B.B.: During the strike we were left on our own on the picket lines, and then people kept saying: 'We are the union'--I heard a lot of that. It's the classic one they're always telling us: "What an you complaining about the union for? You an the union," of course knowing that we're not. But during the strike, we wore, we kept the committees going, we raised the money, we did all the work, we picketed. How do we take that and keep it going?
PW: So that's the living union as opposed to the dead union--the legal entity that has all the money.
B.B.: On the shop floor level, the shop stewards can do a helluva lot. You can organize about anything you want, call meetings about anything, demand to see anyone. They can say 'No,' and then you can organize an action with 20 people--but in order to be protected and not get your activists fired, you need the protection of the union. You know you'd be out the door if you did these things and you weren't a shop steward, or if it weren't a union shop.
PW: That's a good example of how you get some legal protection from the union, but there are also numerous examples of people getting the axe with the complicity of their union, and they're gone, that's the end of it.
B.B./D.S.: Yeah, it's true.
PW: Unless you have that extremely strong rank-and-file movement that will get out there right away and strike or act on behalf of the person who got axed with the union's complicity or whatever the issue may be, then the union is ephemeral, it doesn't really exist.
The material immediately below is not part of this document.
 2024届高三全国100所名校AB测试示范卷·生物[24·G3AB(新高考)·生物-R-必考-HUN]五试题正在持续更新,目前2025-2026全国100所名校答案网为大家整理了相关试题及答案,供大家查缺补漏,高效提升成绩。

The union is action, living action by the workers, and without that what have you got?
D.S.: Sometimes I feel like if [the unions] are rotten to the core then the whole thing needs to be scrapped and [we need to] start over with some new form of workers' organization. But in the strike, the scabs would always say: 'Look what your union did last time, why would you be out on the sidewalk if that's what they're going to do to you?' And then the people who were really willing to fight would counter that with: This is my union and I'm gonna be out there because I'm the one who's gonna be screwed. It was the vocabulary of the day that we had to deal with. I think other forms may arise, perhaps not in the near future...
B.B.: That's why I say you have to be flexible, ready for any opportunity, to make alliances with everybody you can, and just be there at the time. It's like this strike, we could have said 'SEIU is gonna sell you out anyway, so why bother?' but we said, 'Oh no, jump in there, get involved.' And I think we gained a lot, lost money but gained more.
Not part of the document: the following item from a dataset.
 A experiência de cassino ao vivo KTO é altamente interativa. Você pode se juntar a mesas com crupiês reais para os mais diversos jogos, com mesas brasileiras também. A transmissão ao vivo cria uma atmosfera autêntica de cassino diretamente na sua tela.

PW: We have these arguments within the PW collective all the time. Even if you are critical of the existing bureaucratic union, nevertheless (and your case is a good example) the union provides a context in which people can organize and talk to other. Even if they find themselves having to talk about being in opposition to that union, they've already linked up that way. It creates certain channels of communication that are very hard to establish from scratch. Then the problem becomes vocabulary, and finding a language that breaks through the conceptual baggage. For example, putting out the word 'union' as an "association of individuals getting together for their mutual interests in opposition to the labor laws which have been written specifically to prevent them from getting anywhere," might change the whole complexion of that word.
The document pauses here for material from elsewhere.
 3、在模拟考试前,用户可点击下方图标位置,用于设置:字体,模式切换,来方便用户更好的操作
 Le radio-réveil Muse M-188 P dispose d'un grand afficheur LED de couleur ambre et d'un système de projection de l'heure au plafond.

The interview then disintegrated into a general conversation on working class politics around the world. A month after this interview was conducted, Local 250 was put into trusteeship in spite of strenuous efforts by Bebb, Smith and CDU to avert it. CDU will have to wait up to eighteen months before there is a union election. A lot of grassroots organizing will have be maintained and consolidated in order for them to bring a new direction to Local 250 in the future.